KASSEL (dpa) – Germany’s documenta has traditionally seen itself as a “world exhibition” of contemporary art. But until now the art on display once every five years was mainly European and North American.

Artists from Africa, Asia or Latin America were hardly represented and only five years ago the then director of the documenta, Catherine David, swept aside such criticism. She said organizers of the art show were not a surrogate United Nations and could not be expected to accommodate every country.

The upcoming documenta 2002 show, which opens to visitors in the central German city of Kassel on June 8 and runs until September 15, is designed to change all that. For the first time in its 50-year history the documenta has a non-European director – Okwui Enwezor who was born in Nigeria and grew up in the U.S.

The list of artists taking part this year is more exciting than ever before – more than 40 of the 118 invited artists come from either an African, Asian or Latin American country. “Art is not at home in just one part of the world,” said the documenta director.

And not only that: Enwezor wants what he sees as the neglected part of the world to have a key part in the documenta. Three of the four discussion platforms, which involved scientists and human rights experts discussing the context of art in society, took place in so- called “Third World” countries – In the Indian city of New Delhi, Lagos (Nigeria) and the Caribbean island of St. Lucia.

Despite the attempts by the documenta to raise its international profile, the response in Germany, at least, has been cordial but with a degree of scepticism. The feeling is that it high time to break with the egocentric European tradition but it remained to be seen whether this was a durable trend.

The India Today newspaper spoke of a “noble attempt” to overcome the dominating western view in art while another Indian paper, The Pioneer, went on the offensive, asking why only 6 of the 40 films shown during the New Delhi platform were from Asia.

The Nigerian media has other concerns. “Enzewor gives a boost to African art”, the newspaper This Day heralded last year. In March, when the much-vaunted documenta director came to Lagos for a symposium on the problems of African cities, local artists and gallery owners did not bother to come. “It was a classic case of a prophet who counts for nothing in his own country,” observed the Post Express soberly.

For art German historian Gerhard Haupt the lack of interest is not surprising. “The platforms seemed voyeuristic to me – the idea was to decamp to a region but it ended up with an exclusive circle of people sitting in a conference hall,” said Haupt who is working together with Argentinian artist Pat Binder on the Internet information system “Universes in Universe”

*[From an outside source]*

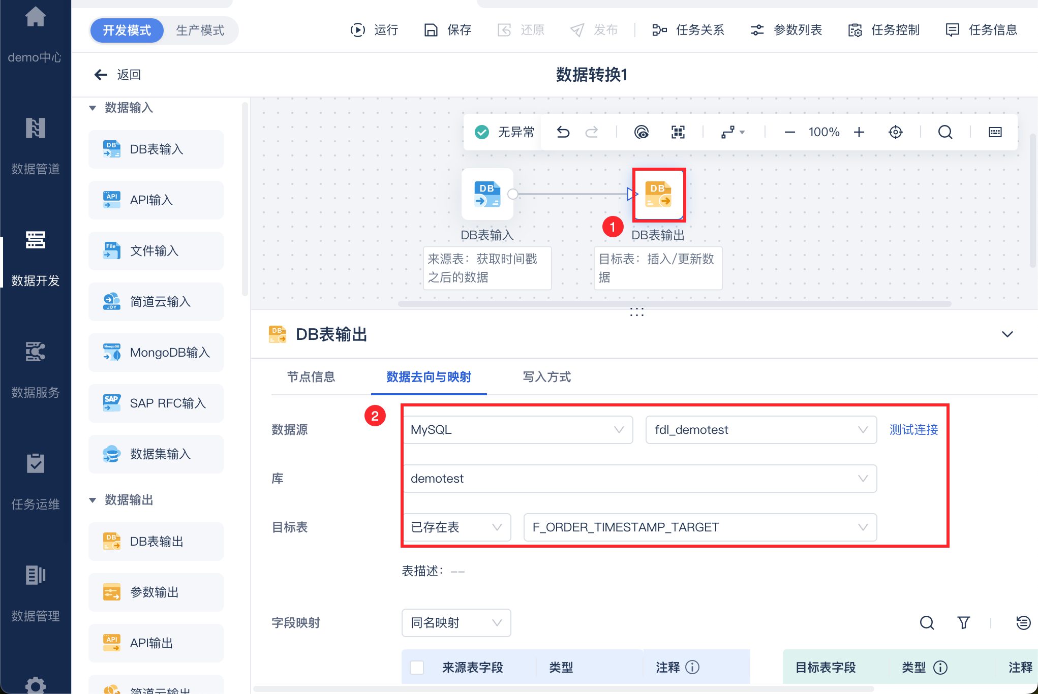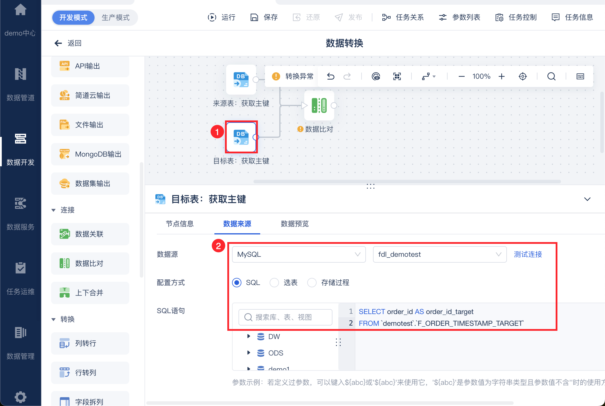 创建定时任务后,使用「数据转换」节点,进入编辑界面,使用DB表输入功能,获取来源表中主键 order_id_from,如下图所示:

Among artists in non-western regions of the world there is a growing resistance to the “discovery attitude” of the exhibition makers who suddenly take an interest in the work of ethnic artists. “These days they should be doing that as a matter of course,” said Haupt.

Berlin gallery owner Peter Herrmann, who specializes in African art, had even harsher werds to say: “No one in Africa is the slightest bit interested in the documenta.”

Herrmann regards the platform events as a waste of time and one artist he knows actually withdrew recently permission for a picture to be used in a book after he heard that the publication was going to mention the documenta as well. “This man just didn’t want anything to do with the documenta,” said Herrmann.